Copy the data exactly as it appears, and do not include any pictures.
DATA SHOWN section start
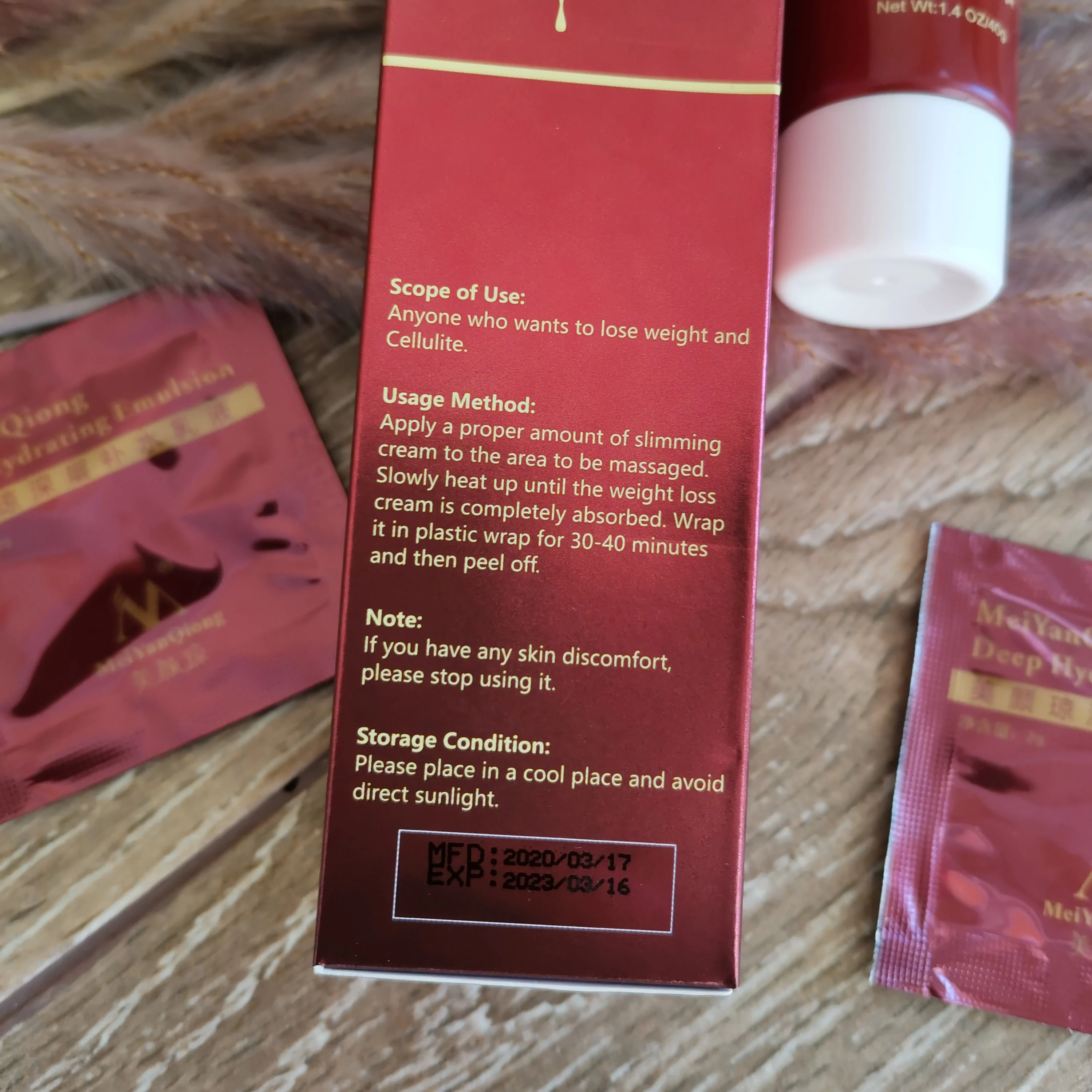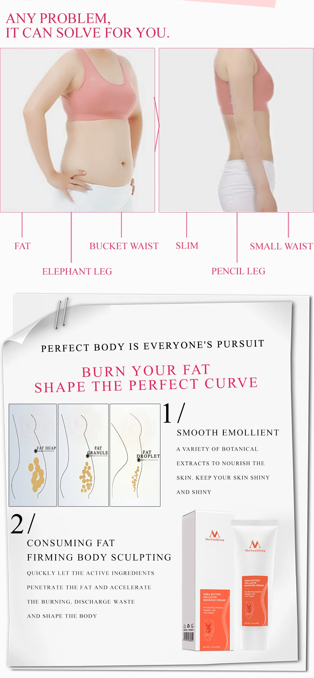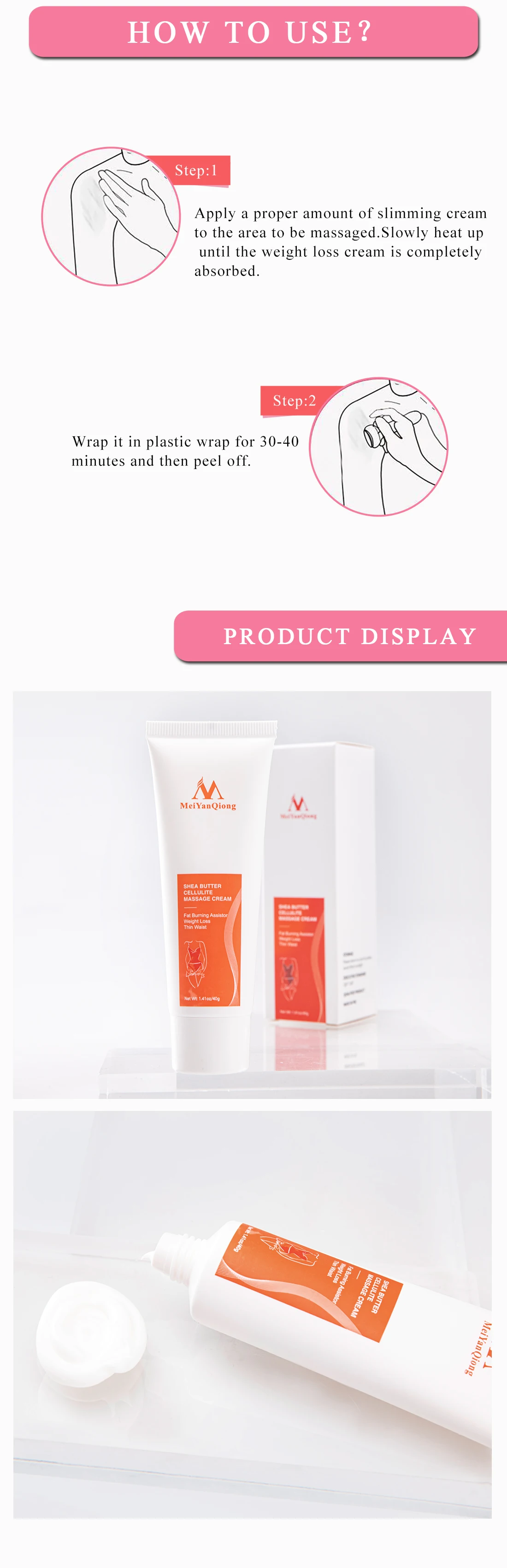 Крем содержит различные смягчающие вещества для тела, нежную текстуру, которая легко проникает и поглощает, поднимая и укрепляя, полностью сжигая ваш жир, после непрерывного использования, формируя идеальные линии талии и ног. Способ использования: Нанесите необходимое количество крема для похудения на область для массажа. Медленно нагревается до полного поглощения крем для похудения. Оберните его в пластиковую пленку в течение 30-40 минут, а затем отклейте.
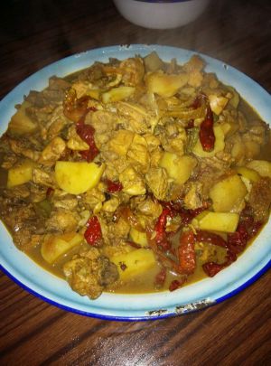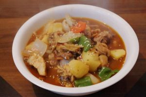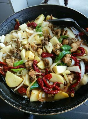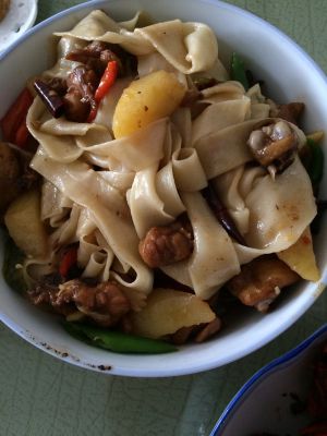 被诱惑到的大盘鸡,缺少了裤带面,连我这个不怎么吃面的人这次都吃了三根,面团一定要柔软出来的面才会好吃,而且会很好拉扯成裤带面
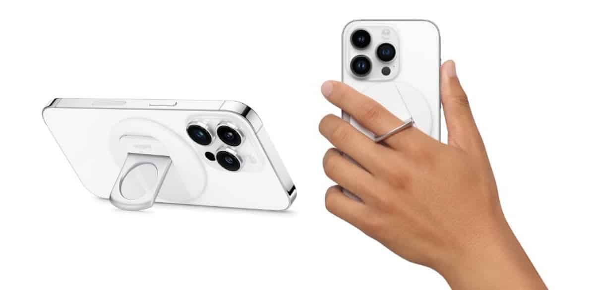 MacOS Ventura'da süreklilik kamerası için optimize edilmiş olan Belkin iPhone Mount, iPhone'un arkasına manyetik olarak bağlanır ve dizüstü bilgisayarda kolayca sabitlemek ve iPhone'u portre veya manzaraya döndürmek için bir halka kavrama ve kickstand içerir.
DATA SHOWN section end
_EXERCISE RESPONSE_.
 Крем содержит различные смягчающие вещества для тела, нежную текстуру, которая легко проникает и поглощает, поднимая и укрепляя, полностью сжигая ваш жир, после непрерывного использования, формируя идеальные линии талии и ног. Способ использования: Нанесите необходимое количество крема для похудения на область для массажа. Медленно нагревается до полного поглощения крем для похудения. Оберните его в пластиковую пленку в течение 30-40 минут, а затем отклейте.
 被诱惑到的大盘鸡,缺少了裤带面,连我这个不怎么吃面的人这次都吃了三根,面团一定要柔软出来的面才会好吃,而且会很好拉扯成裤带面
 MacOS Ventura'da süreklilik kamerası için optimize edilmiş olan Belkin iPhone Mount, iPhone'un arkasına manyetik olarak bağlanır ve dizüstü bilgisayarda kolayca sabitlemek ve iPhone'u portre veya manzaraya döndürmek için bir halka kavrama ve kickstand içerir.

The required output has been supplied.